▶ [Recorded information]:
=== Section Start ===

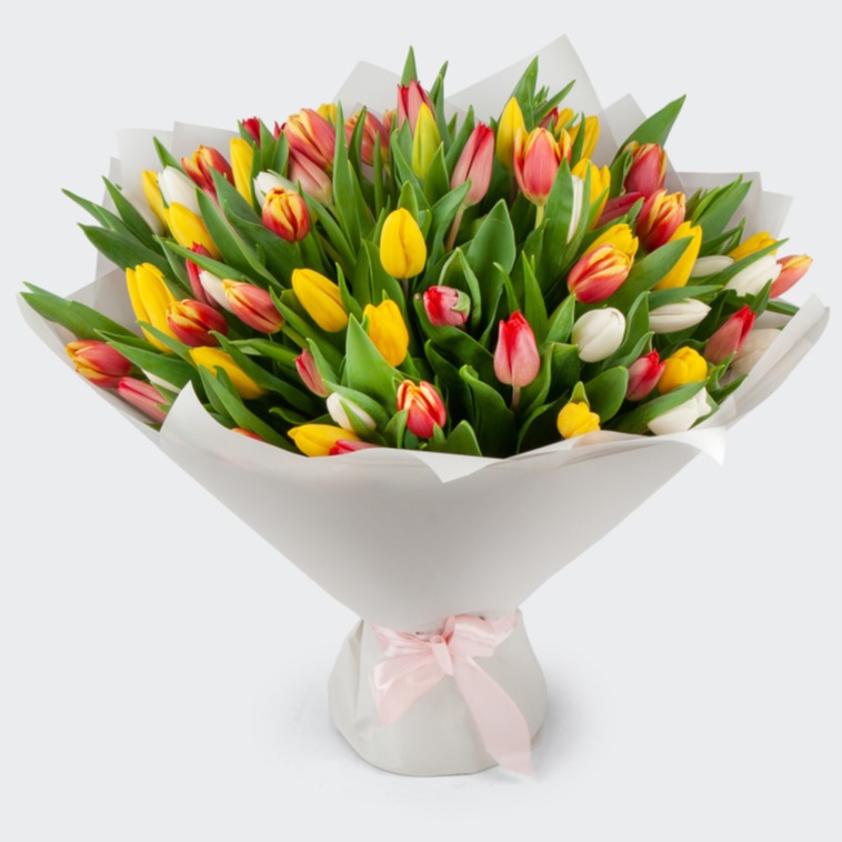 Букет из 75 тюльпанов разных цветов наполнен оптимизмом. Замечательный подарок для любой женщины, полный нежности, любви и сердечного тепла!
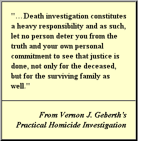 Geberth says course is designed to reacquaint law enforcement with why they entered into investigation to begin with," a point he makes in various ways.
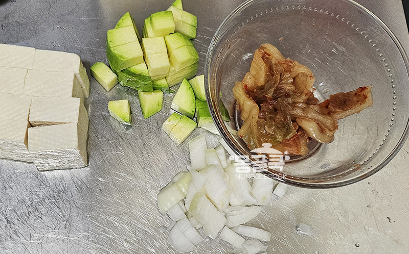 김치는 잘게 썰어 준비하고, 두부는 1~1.5cm 크기로 깍둑 썰어주세요.
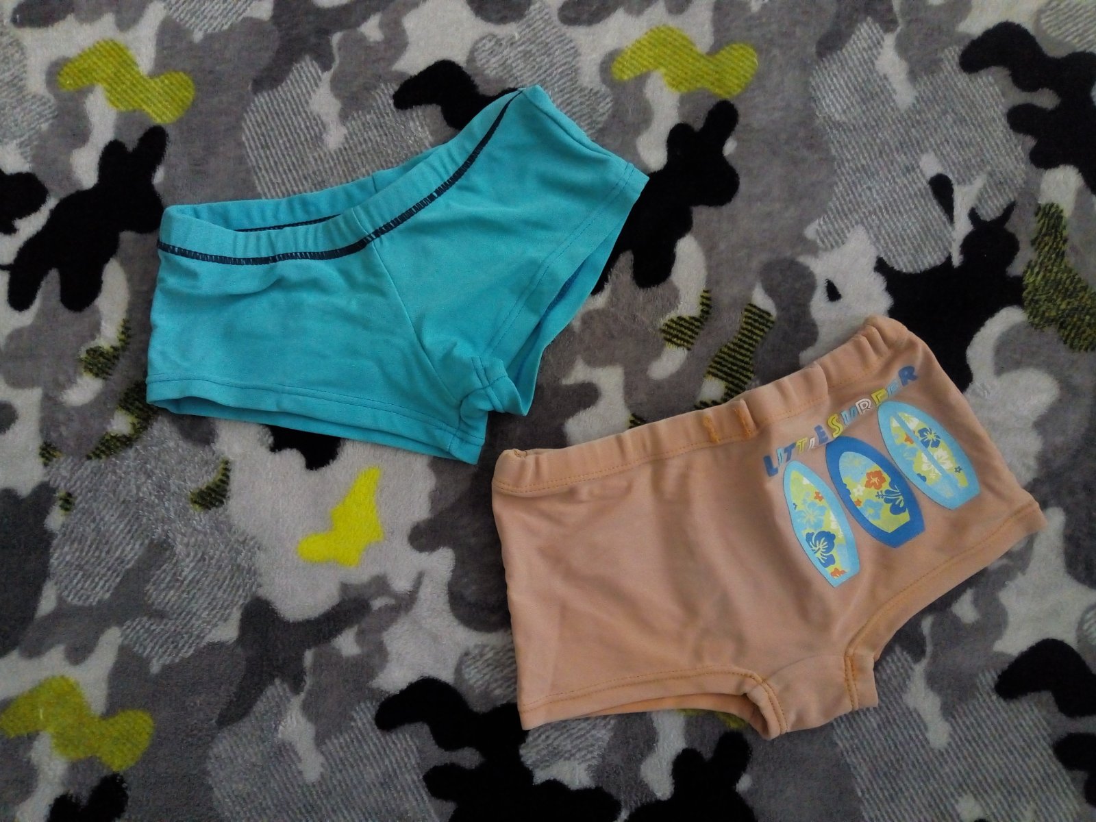 Nosené plavky, gumička slabšie drží.Veľ.92/98.Cena spolu.

=== Section End ===

Reproduce the material above from its first line through the line containing "Geberth says course", both ends included, and skip every picture.

 Букет из 75 тюльпанов разных цветов наполнен оптимизмом. Замечательный подарок для любой женщины, полный нежности, любви и сердечного тепла!
 Geberth says course is designed to reacquaint law enforcement with why they entered into investigation to begin with," a point he makes in various ways.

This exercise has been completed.